Tertuliano (160-250 d.C.) considerava canônicos os 24 livros da Bíblia Hebraica. Orígenes (morreu em 254 d.C.) disse que havia 22 livros no Velho Testamento, como Josefo. As únicas diferenças parecem ser a inclusão da "Epístola de Jeremias", ignorando que esta não foi escrita em Hebraico, e dos Macabeus. Hilário de Poitiers (305-366 d.C.) mencionou o número de 22. Jerônimo (340-420 d.C.), tradutor da Vulgata, no "Prologus Galeatus", e em outros lugares considerava apenas 22 livros do hebraico como canônicos, relegando os outros a uma posição secundária. "Este prólogo, como vanguarda com capacete das Escrituras, pode ser aplicado a todos os livros que traduzimos do hebraico para o latim, de tal maneira, que possamos saber que tudo quanto é separado destes deve ser colocado entre os apócrifos. Portanto, a Sabedoria comumente chamada de Salomão, o livro de Jesus, filho de Siraque, e Judite e Tobias e o Pastor (supõe-se que seja o "Pastor de Hermas"), não fazem parte do cânon. Descobri o primeiro livro de Macabeus em hebraico; o segundo foi escrito em grego conforme testifica a sua linguagem". Ele ainda declara ter descoberto Eclesiástico em Hebraico, mas que Sabedoria deve ter sido redigida em grego. Ele continua. "E assim, da mesma maneira pela qual a igreja lê Judite e Tobias e Macabeus mas não os recebe entre as Escrituras canônicas, assim também sejam estes dois livros úteis para a edificação do povo, mas não para estabelecer doutrinas da Igreja." Também em seu comentário de Daniel enfatizou que as adições "História de Suzana" e "Bel e o dragão" não faziam parte do texto canônico de Daniel.
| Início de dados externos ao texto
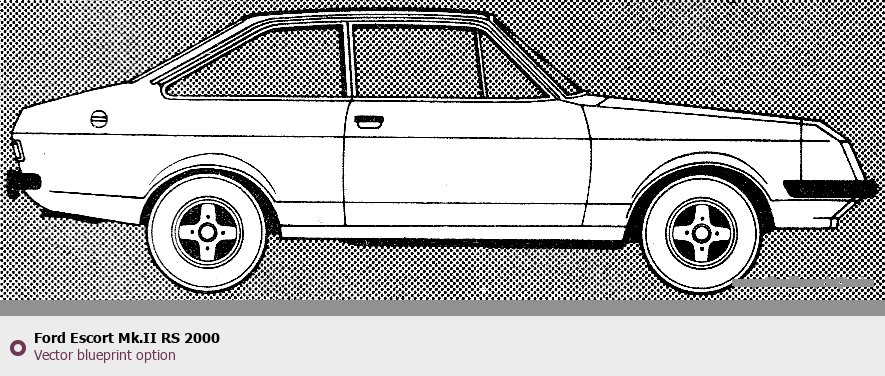 Raster blueprint of the 2000 Ford Escort Mk.II RS Tag. This free downloadable image can be used for graphic projects, digital design, and 3D modeling. The file provides accurate exterior proportions of the vehicle. Model year: 2000. Body type: Tag.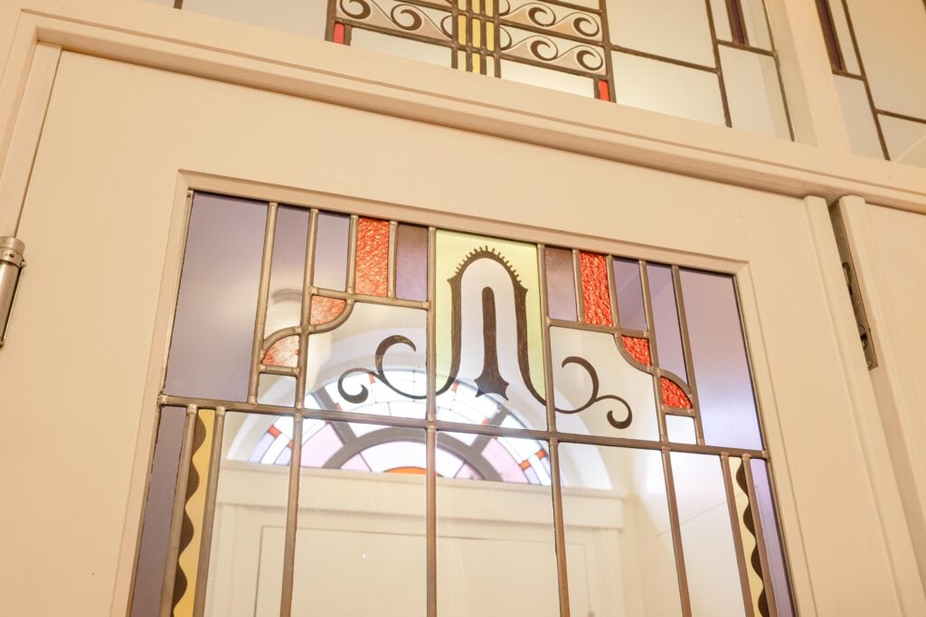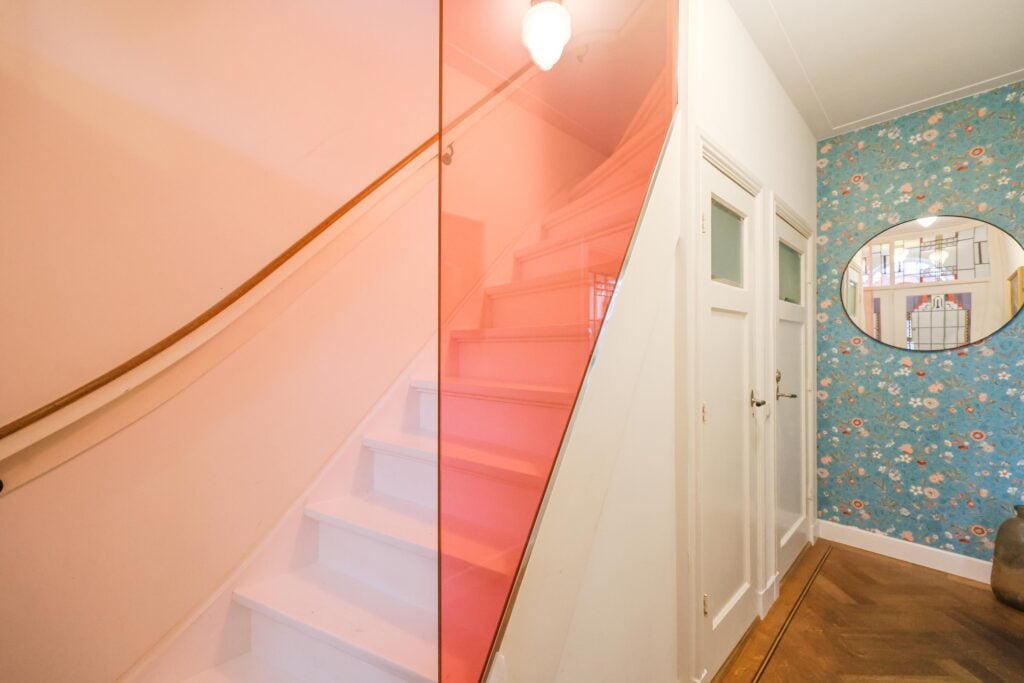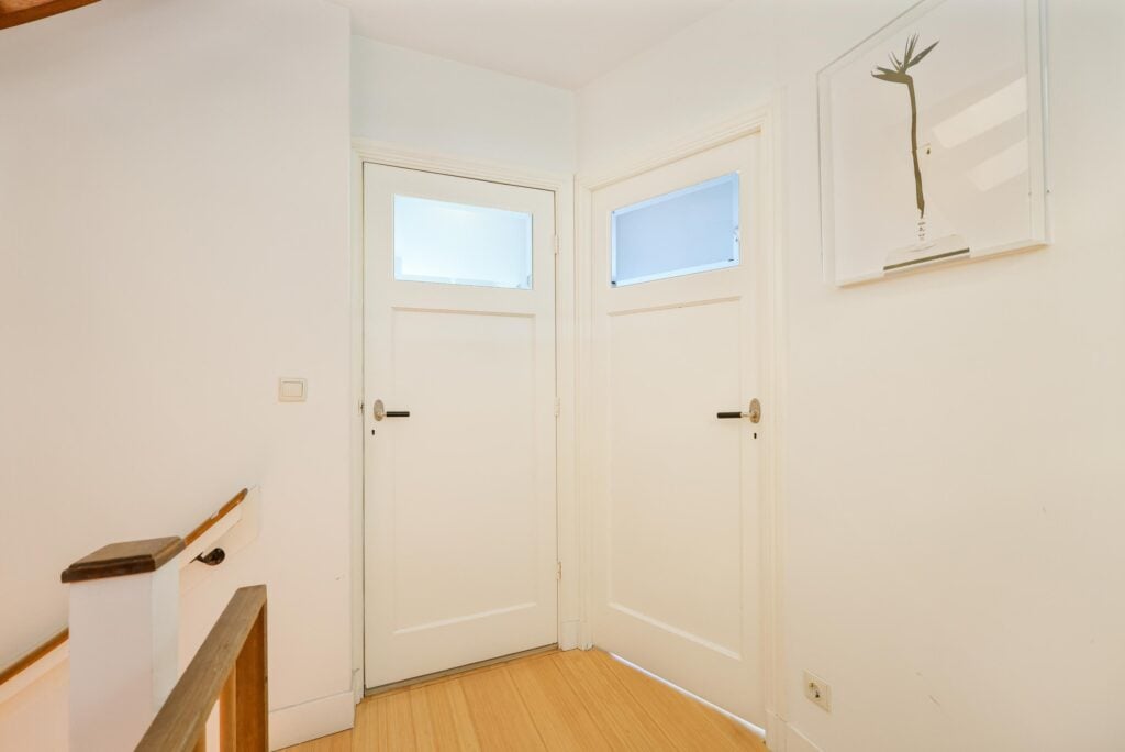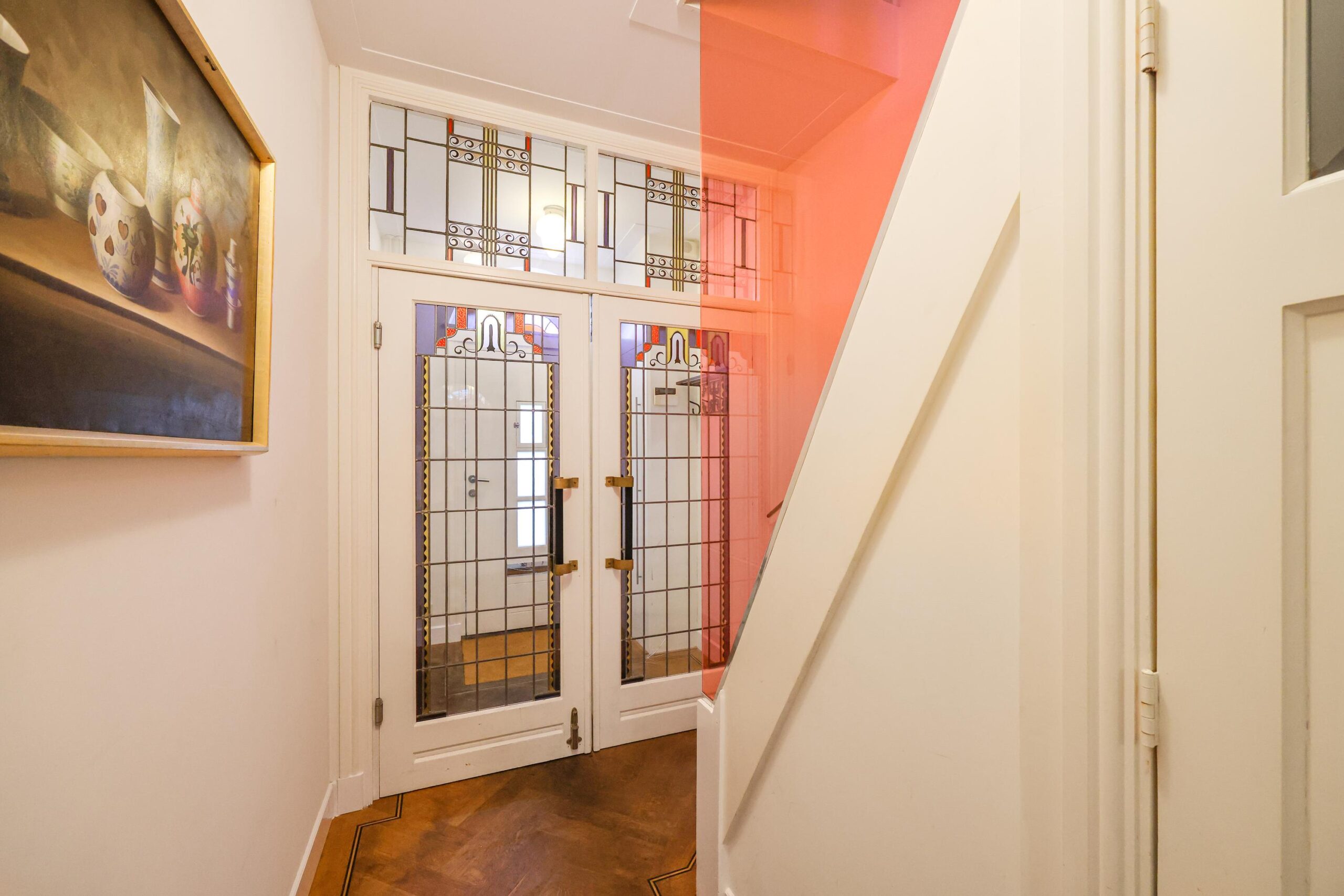 Zodra je binnenstapt via de originele voordeur met het halfronde glas-in-lood bovenlicht, voel je direct de warme sfeer van een echt thuis. De entree is een ware eyecatcher: de prachtige glas-in-looddeuren brengen de sfeer van de jaren ’30 direct tot leven.

O cânon do Velho Testamento ficou sob discussão informal por muitos anos, e na verdade, nunca tinha sido bem definido. A tendência geral até a época de Agostinho (aprox. 400 d.C.) era a da rejeição dos apócrifos como canônicos, apesar de afirmar-se sua utilidade. Na época de Agostinho, talvez por influência dele, alguns chegaram a considerar os apócrifos de igual valor como os livros da Bíblia hebraica. No entanto, desde sua época até o século XVI os grandes intérpretes da Bíblia colocavam os apócrifos em um lugar "mais baixo" do que os livros da Bíblia. O catolicismo romano só veio a tomar posição em 8 de abril de 1546, no Concílio de Trento, em reação ao protestantismo. Mesmo assim, houve quem não concordasse com isto dentro do próprio catolicismo.

As chamadas "Bíblias Católicas" tem 46 livros no Velho Testamento, e adições de outros livros. Tal conceito de "Bíblia Católica" é inadmissível. A Bíblia é uma só. O que existe são edições produzidas pela igreja romana com acréscimos não inspirados no Velho Testamento.